Supplied data
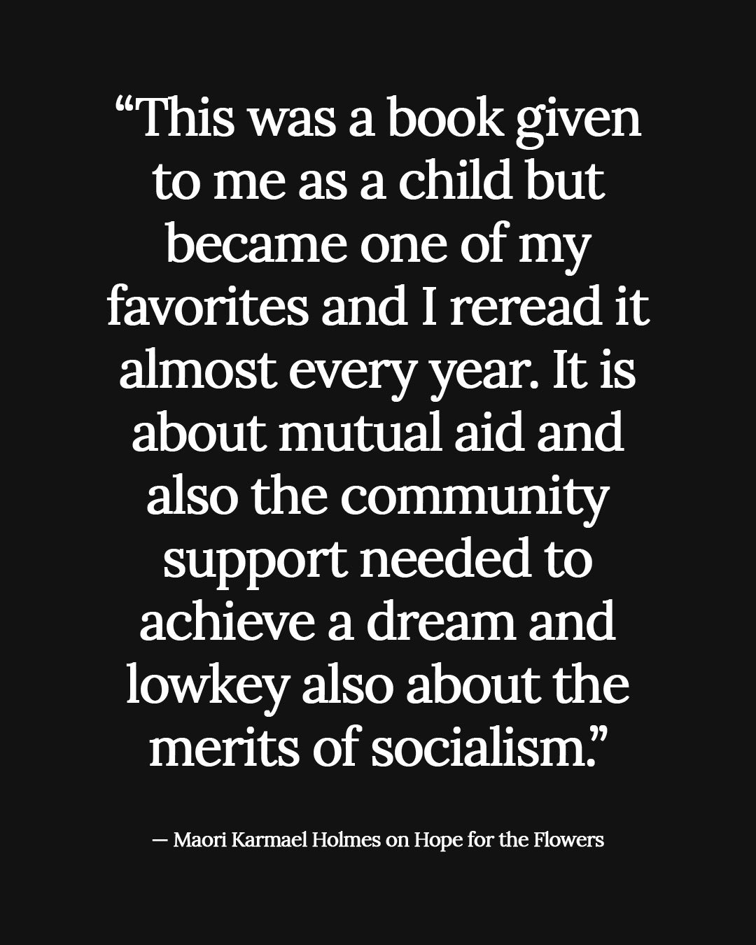 Curated by filmmaker, curator, and cultural worker Maori Karmael Holmes, this installment of Radical Roots draws from a lifelong engagement with Black art, history, and worldmaking. As the chief executive and artistic officer of BlackStar Projects, Holmes has helped shape a cultural home for artists and audiences imagining liberation across mediums and geographies. Her selection spans political theory, speculative fiction, visual culture, and childhood favorites—mapping a personal archive of texts that have shaped her radical imagination. From Hope for the Flowers to Unthinking Eurocentrism, these works illuminate the contours of her practice: rigorous, loving, and deeply attuned to both beauty and struggle.
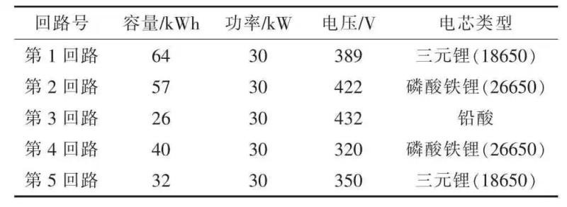 儲能電站由退役動力電池、儲能PCS(變流器)、BMS(電池管理系統(tǒng))、EMS(能源管理系統(tǒng))等組成,為了體現(xiàn)儲能電站的異構兼容特征,電站選用5 種不同類型、結構、時期的退役動力電池進行儲能(為突出“異構”特色,系統(tǒng)還選用一路退役的鉛酸蓄電池)。
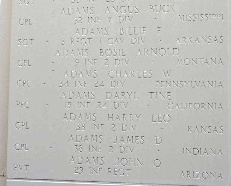 Pvt Adams was Killed in Action while fighting the enemy in the southwest section of the Pusan Perimeter near Hadong, South Korea, on July 27, 1950. His remains were not recovered. His name is inscribed on the Courts of the Missing at the Honolulu Memorial.
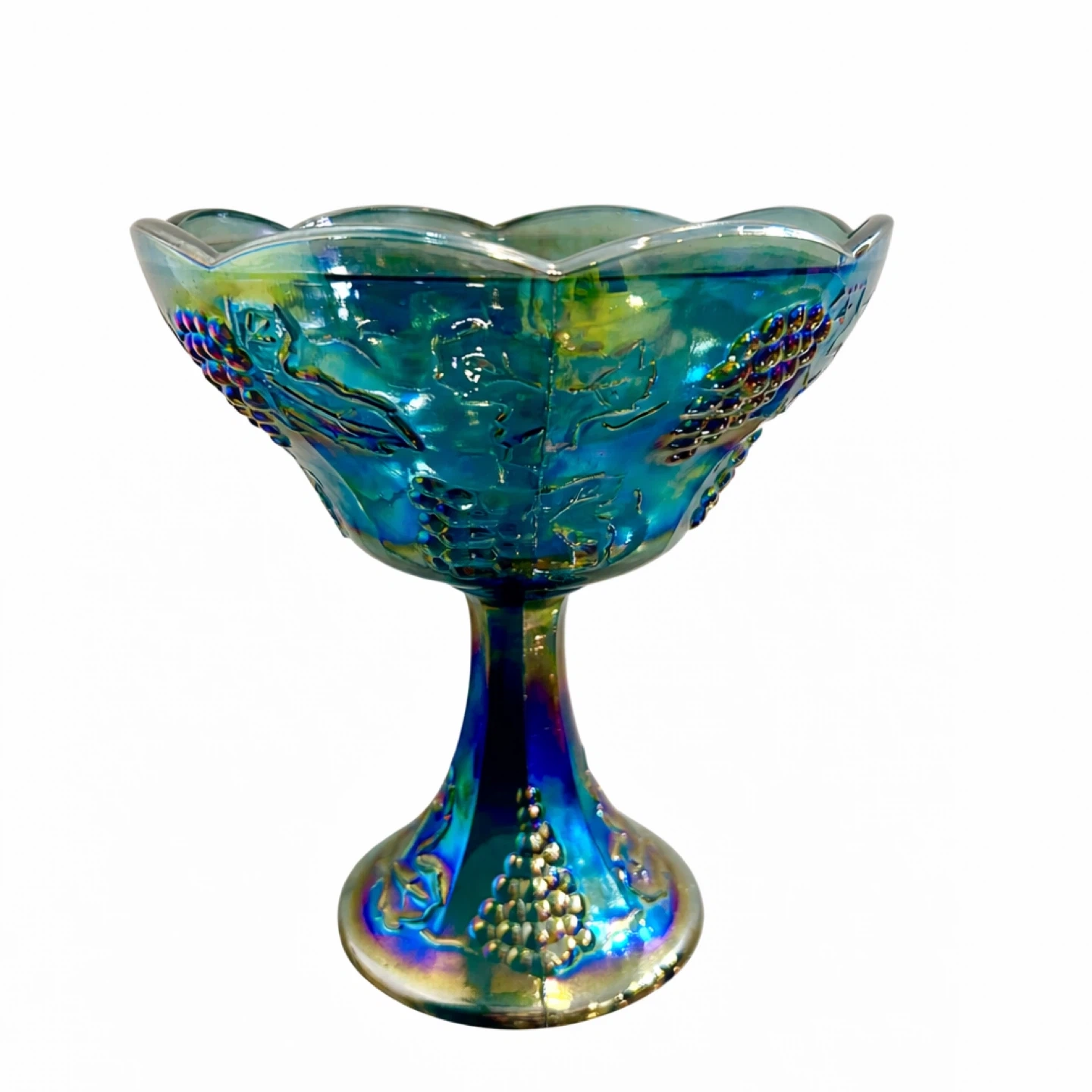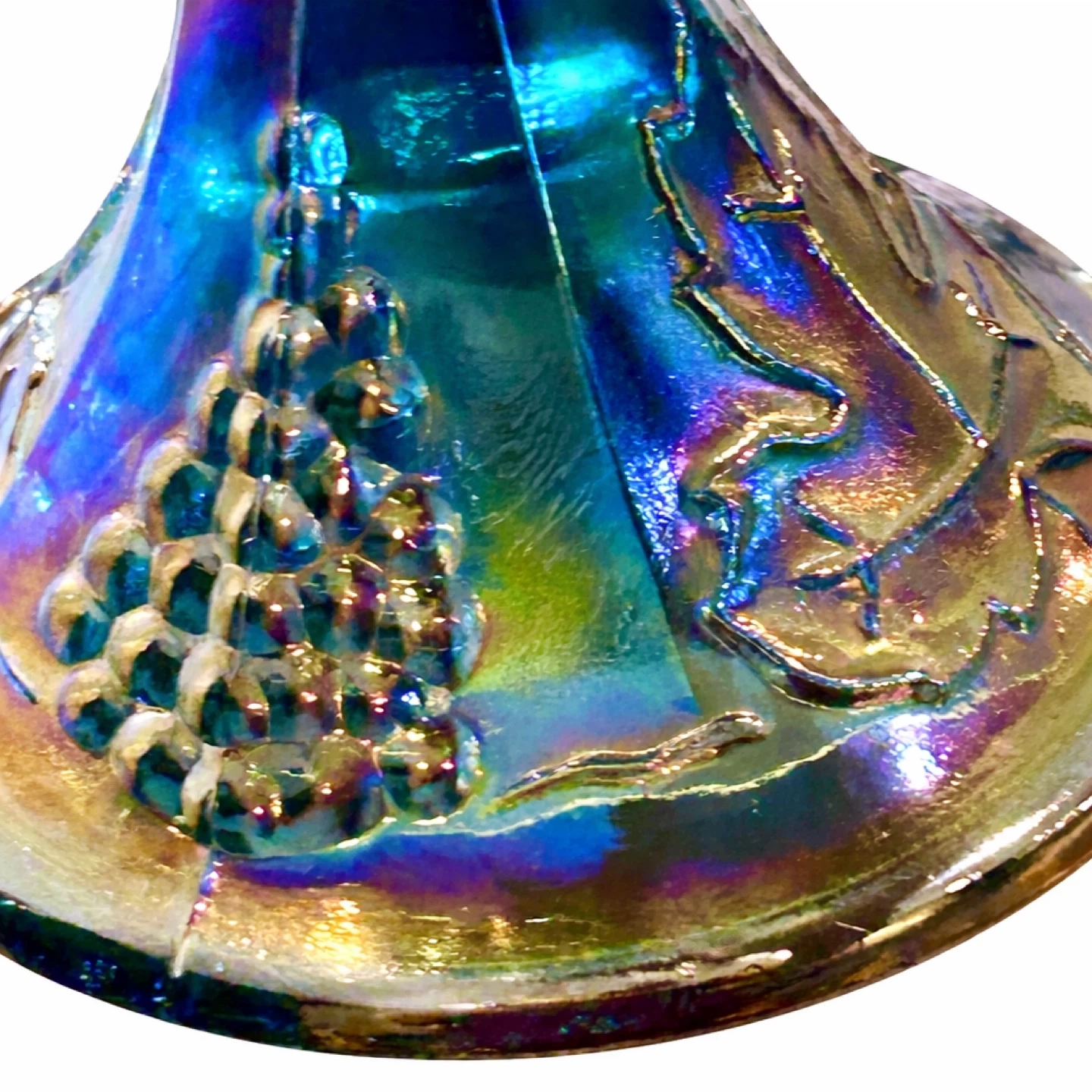Antique Uranium Carnival Glass Grapevine Compote 7.75

Task directions
Write the data out again word for word; leave the pictures behind.

Expected output
 Curated by filmmaker, curator, and cultural worker Maori Karmael Holmes, this installment of Radical Roots draws from a lifelong engagement with Black art, history, and worldmaking. As the chief executive and artistic officer of BlackStar Projects, Holmes has helped shape a cultural home for artists and audiences imagining liberation across mediums and geographies. Her selection spans political theory, speculative fiction, visual culture, and childhood favorites—mapping a personal archive of texts that have shaped her radical imagination. From Hope for the Flowers to Unthinking Eurocentrism, these works illuminate the contours of her practice: rigorous, loving, and deeply attuned to both beauty and struggle.
 儲能電站由退役動力電池、儲能PCS(變流器)、BMS(電池管理系統(tǒng))、EMS(能源管理系統(tǒng))等組成,為了體現(xiàn)儲能電站的異構兼容特征,電站選用5 種不同類型、結構、時期的退役動力電池進行儲能(為突出“異構”特色,系統(tǒng)還選用一路退役的鉛酸蓄電池)。
 Pvt Adams was Killed in Action while fighting the enemy in the southwest section of the Pusan Perimeter near Hadong, South Korea, on July 27, 1950. His remains were not recovered. His name is inscribed on the Courts of the Missing at the Honolulu Memorial.
Antique Uranium Carnival Glass Grapevine Compote 7.75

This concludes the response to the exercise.